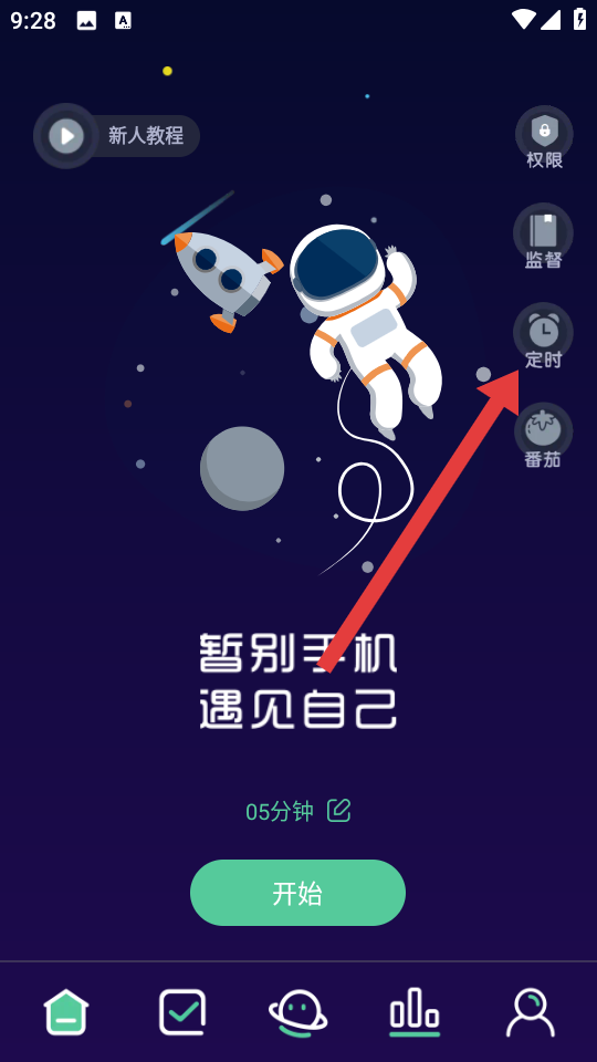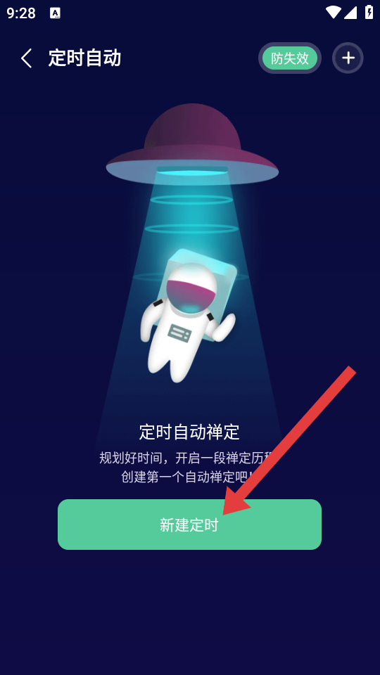 1、在禪定空間主界面,點擊右側(cè)的定時選項,進(jìn)入定時自動設(shè)置頁面。
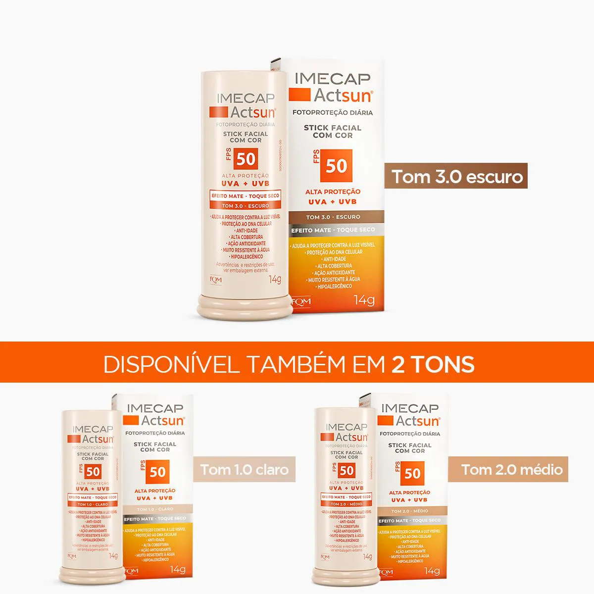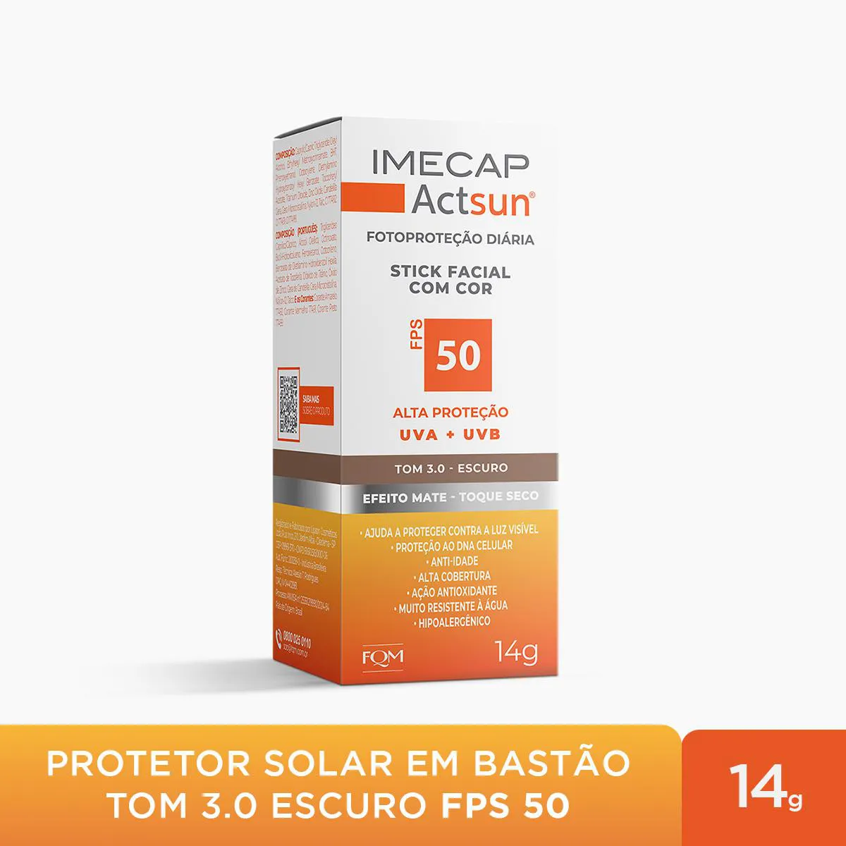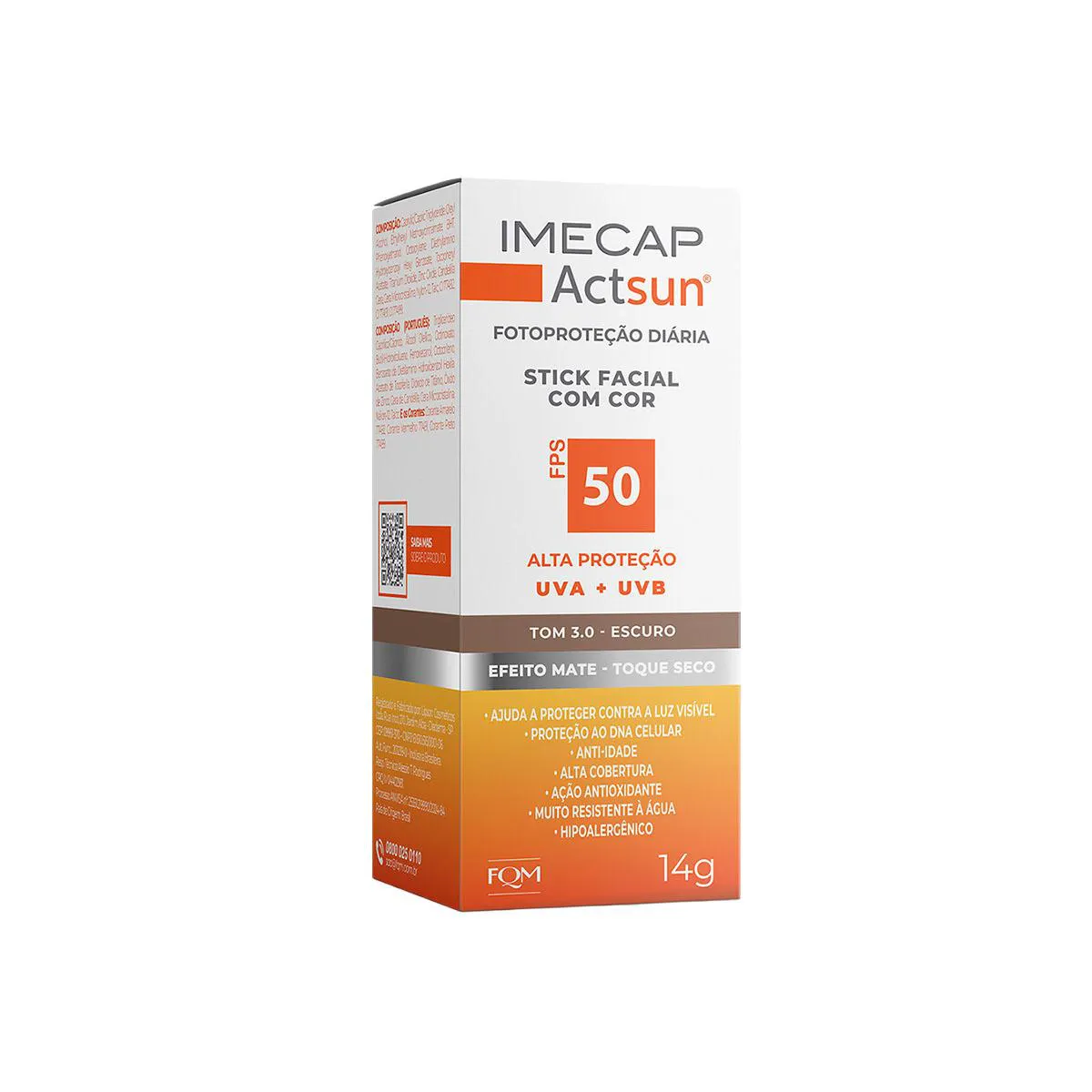 O Protetor Solar Facial Stick Imecap Actsun FPS 50 Escuro é um filtro solar de uso diário desenvolvido especialmente para o rosto. Com altíssima proteção UVA, UVB e UVA longo, sua fórmula inovadora protege a pele contra os efeitos imediatos e cumulativos do sol, além de defender contra radicais livres, luz visível, infravermelho e os danos causados pelo fotoenvelhecimento. Possui ação antioxidante, anti-idade e ajuda a prevenir manchas como melasmas, mantendo a pele saudável, protegida e com tom uniforme.
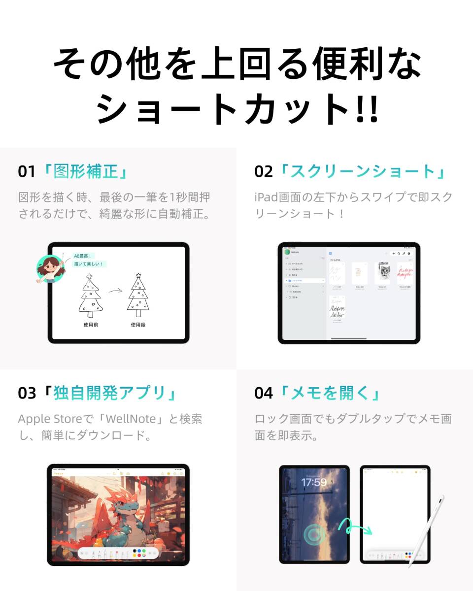【使いやすさ& パームリジェクション& 磁気吸着機能】メタペン iPad ペン A8は、複雑なBluetoothペアリングが不要で、ペンの頭を2回タッチするだけで、すぐに使えます。パームリジェクション機能を搭載しており、デバイスの画面に手を置くことができ、長時間の作業でも腕が疲れません。磁気吸着機能があり、紛失を防ぎ、iPad側面にピタっとっついて収納・持ち運びに便利です。ご注意:磁気吸着機能対応: iPad Pro 12.9"、iPad Pro 11"、iPad Air 第4/5世代、iPad mini第6世代。磁気吸着機能非対応: iPad Pro 13/11 inch(M4)、iPad Air 13/11 inch(M2)、iPad第6/7/8/9/10世代、iPad Air第3世代、iPad Mini第5世代。
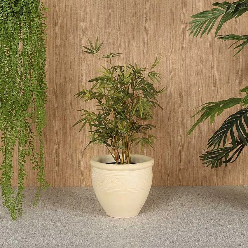 A versatile cream earthenware piece that works beautifully as a plant pot or a decorative vase
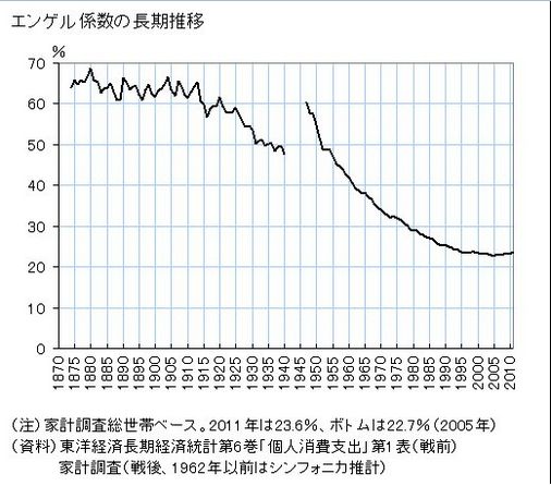 1870年の統計以来、エンゲル係数は戦時期を除いて一貫して低下してきた。90年代以後は、ゼロ成長下で停滞したが、近年じわりと上昇しはじめ、ついに25%を超える時期がではじめた。 pic.twitter.com/ZL1R6YvXlG
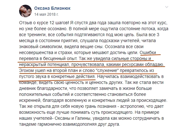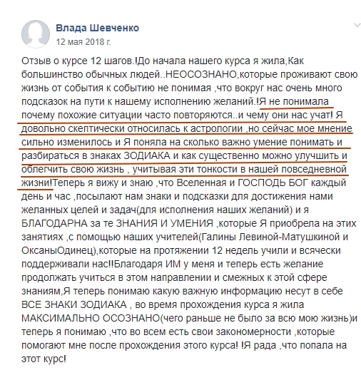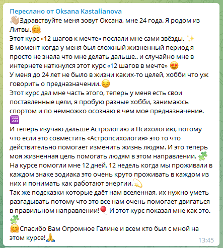 На курс " 12 шагов к мечте " я пришла с желанием реализовать свои мечты ,поставленные цели . В первую очередь очень хотелось знать, истинно эти желания мои ? В поиске своего пути ,есть сомнения ,беспокойства . А ,правильный ты сделала выбор ? Действительно ,это всё твоё ? На протяжении всего курса ,мы получали подсказки Вселенной ,учились их расшифровывать . Каждую неделю проживали в каждом знаке Зодиака ,понимая все положительные и несовершенные стороны каждого знака . Анализируя каждую неделю в Скайп чате ,делали выводы ,что нужно наработать а ,что изменить . Сейчас пройдя синтез и сделав выводы ,стало очень легко и радостно !
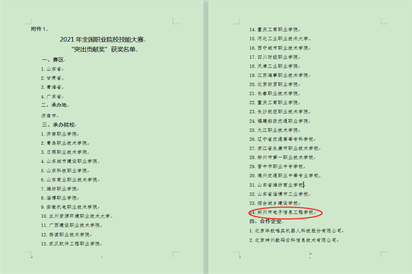 4、郑州市电子信息工程学校获2021全国职业院校技能大赛“突出贡献奖”

What is required ▸
Using the entries above, repeat exactly the lines from the one with "O Protetor Solar" to the one with "inch(M2)、iPad第6/7/8/9/10世代、iPad Air第3世代、iPad Mini第5世代。", both included, and leave the pictures behind.

Task output ▸
 O Protetor Solar Facial Stick Imecap Actsun FPS 50 Escuro é um filtro solar de uso diário desenvolvido especialmente para o rosto. Com altíssima proteção UVA, UVB e UVA longo, sua fórmula inovadora protege a pele contra os efeitos imediatos e cumulativos do sol, além de defender contra radicais livres, luz visível, infravermelho e os danos causados pelo fotoenvelhecimento. Possui ação antioxidante, anti-idade e ajuda a prevenir manchas como melasmas, mantendo a pele saudável, protegida e com tom uniforme.
【使いやすさ& パームリジェクション& 磁気吸着機能】メタペン iPad ペン A8は、複雑なBluetoothペアリングが不要で、ペンの頭を2回タッチするだけで、すぐに使えます。パームリジェクション機能を搭載しており、デバイスの画面に手を置くことができ、長時間の作業でも腕が疲れません。磁気吸着機能があり、紛失を防ぎ、iPad側面にピタっとっついて収納・持ち運びに便利です。ご注意:磁気吸着機能対応: iPad Pro 12.9"、iPad Pro 11"、iPad Air 第4/5世代、iPad mini第6世代。磁気吸着機能非対応: iPad Pro 13/11 inch(M4)、iPad Air 13/11 inch(M2)、iPad第6/7/8/9/10世代、iPad Air第3世代、iPad Mini第5世代。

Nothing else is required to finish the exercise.